Удивительно, что заметил это он только сейчас.
— Я их отрезала. А еще я ушла с работы и начала писать рассказы.
— Но… но они же отрастут? — все еще переваривает увиденное он. Как заметила бы мама, мужчины всегда тяжело переживают перемены в женщине.
— Отрастут. А те десять рецептов… Я боялась, ты мне их никогда не простишь.
— Элли, а-у, стал бы я в таком случае давать тебе клятву! В богатстве и в бедности, в болезни и в здравии… — и дальше по списку. Это что-нибудь да значит ведь, так? Уж явно больше, чем какой-то десяток подставных рецептов! — пренебрежительно хмыкает он.
— Подставных?!
— Конечно, подставных. Ты, правда, думаешь, что реальные рецепты откроет пароль ФАБРИКА, а не хитроумная система сканирования ДНК и общемолекулярной диагностики, которая после предоставления доступа в хранилище также снабдит тебя полным пакетом медицинских анализов?
— Я не…
— Ах, Элли, — он покровительственно треплет меня по щеке. — Когда-нибудь, когда ты доживешь до моих лет, ты тоже научишься думать на несколько шагов вперед, но сейчас почему бы тебе просто не посмаковать нашу победу?
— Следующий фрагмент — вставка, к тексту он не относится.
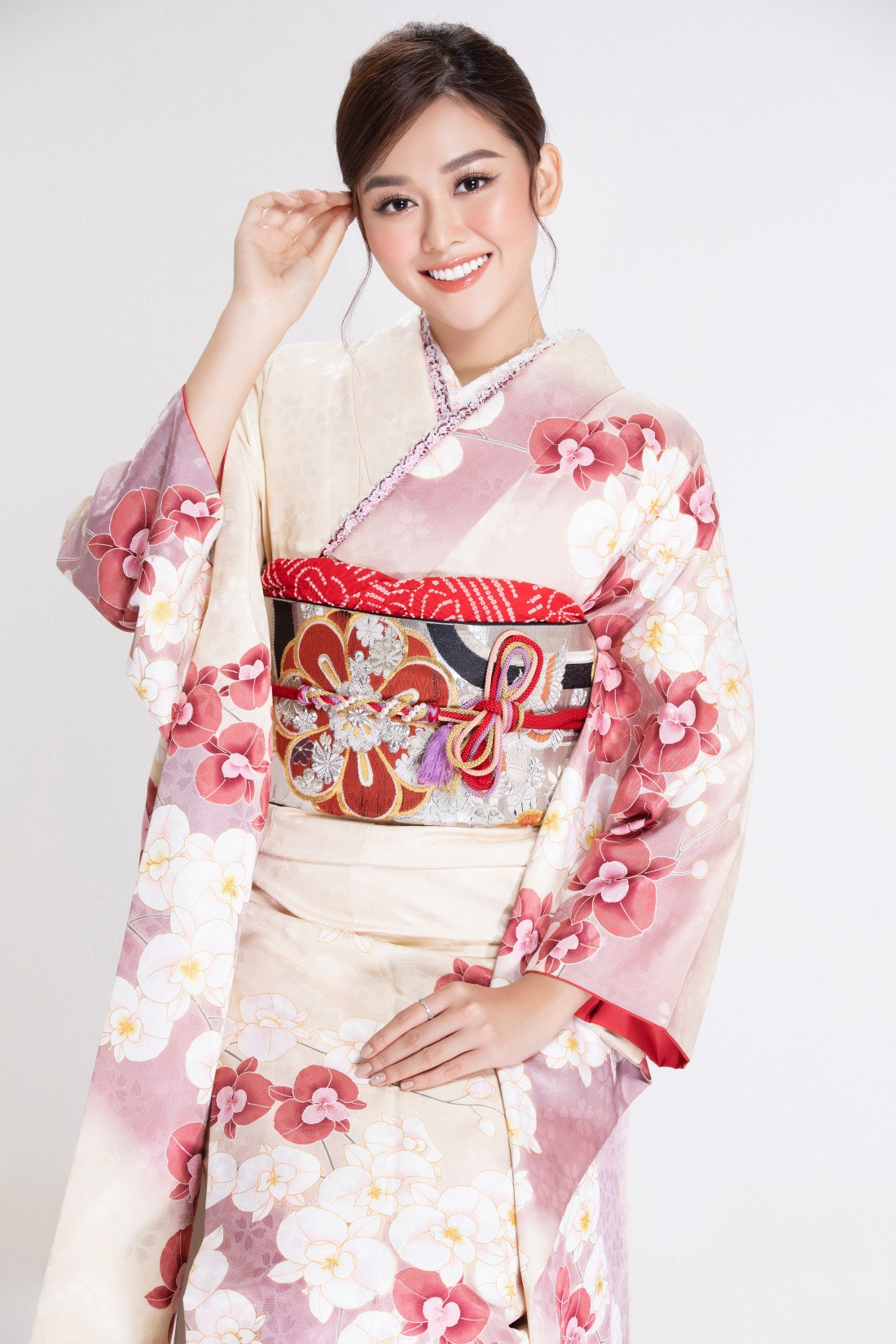 Nhan sắc lẫn vóc dáng của nàng á hậu lại được biến hóa lạ lẫm và cuốn hút đến khó rời mắt trong trang phục kimono.
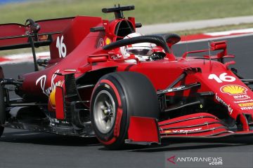 Pembalap Ferrari Charles Leclerc memacu kendaraannya saat sesi latihan Formula One F1 Grand Prix Turki, di Sirkuit Istanbul Park, Istanbul, Turki, Jumat (8/10/2021). ANTARA FOTO/Reuters-Murad Sezer/hp.
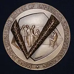 Although the official date of establishment was 1930, there was a public notice for the organization in the January 1929 edition of The Numismatist, the journal of the American Numismatic Association.[1] The notice also stated that, "The Society of Medalists had its inception at the convention of the American Federation of Arts in Washington last May" (May 1928).[1] The notice further stated, "The organization committee is composed of George D. Pratt, Robert W. DeForest and Alexander B. Trowbridge", however, later documents attributed the founding entirely to Pratt.[1] Additionally, the notice discussed that, "Exceptionally accurate machinery makes it possible to strike medals to the quantity of 1,000 or more for very low cost."[1]

Он касается моих пальцев, вкладывая в них крошечный флакон с алым содержимым.
— А вот и последний образец. Здесь, Элли, апофеоз гения Моретти — формула чистой любви, — Вонка хмыкает с грустной иронией. — Самоотверженной, нежной… и ах, забыл, как там было дальше. В общем, короче говоря, просто вообрази десяток возвышенных эпитетов, прежде чем запустишь этот шедевр туда, куда следует.
Я смотрю в его темные сияющие глаза и, не отводя взгляда, протягиваю руку в сторону и разжимаю пальцы. С плеском флакон уходит на дно, и торнадо окрашивается в красноватый оттенок, разнося по комнате запахи мускуса и миндаля.
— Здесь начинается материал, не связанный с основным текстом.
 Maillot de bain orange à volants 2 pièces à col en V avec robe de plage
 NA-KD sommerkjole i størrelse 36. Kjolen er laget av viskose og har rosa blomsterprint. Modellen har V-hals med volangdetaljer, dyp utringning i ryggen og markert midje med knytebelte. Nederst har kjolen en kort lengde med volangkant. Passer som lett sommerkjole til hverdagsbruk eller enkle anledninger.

— Во дела! А любовь, оказывается, пахнет миндалем, — смеюсь я.
— Конечно, миндалем, — с готовностью кивает Вонка. — А еще кориандром, ванилью и немножечко — капелюсечку! — шоколадом. И все, кто когда-нибудь любил, об этом знают.
Мгновение он смотрит в сторону, а потом, придерживая цилиндр, заглядывает вниз, вздыхает, качает головой и что-то бормочет себе под нос.
— Что-то не так? — взволнованно интересуюсь я.
— Нет! Да! Пора. Пора, Элли. Время пришло, — решительно обрубает он.
— Время?..
— Да! Время расстаться с этими перчатками. Как они мне надоели! Чувствовать мир через броню, постигать реальность через барьер не многим лучше, чем совершать подвиги, глотнув эликсира Моретти. Я больше не хочу, чтобы что-то меня сдерживало, — и он, безжалостно сминая тонкую кожу, срывает темные перчатки и с ненавистью швыряет их в котел. А потом зачарованно рассматривает свои ладони с обеих сторон, точно видит их впервые, и касается моего лица, большими пальцами рисуя круги на нежной коже щек. Между его бровями залегает маленькая морщинка, а выражение глаз смягчается, как забытое на столе сливочное масло. Наконец, с трепетом он касается моего округлившегося живота, попеременно качая и кивая головой, точно не в силах определиться с эмоциями.
— Это девочка, — шепчу я, вытирая увлажнившиеся глаза.
— Хм, знаешь, этого стоило ожидать. Я всегда был просто магнитом для женщин. Ты, Шарлотта и теперь еще вот… Может, назовем ее Франческой в честь…? Ладно-ладно, понял, глупая идея.
Когда-то мы с Эдом возвращались из школы домой и он сказал мне, что быть счастливой не в моей природе. Что я живу мечтами или прошлым, что слишком много анализирую, что пребывая в своей голове, я упускаю вещи, которые по-настоящему важны. Я думаю, что тогда он был прав. А еще я думаю, что скажи он мне это снова, то точно бы ошибся.
Я изменилась. Я смотрю в будущее без страха, я готова жить по принципам, в которые верю, и у меня совсем нет времени, чтобы скучать. Я живу в невообразимо, бесконечно сложном мире, который все хотят, но не могут объяснить.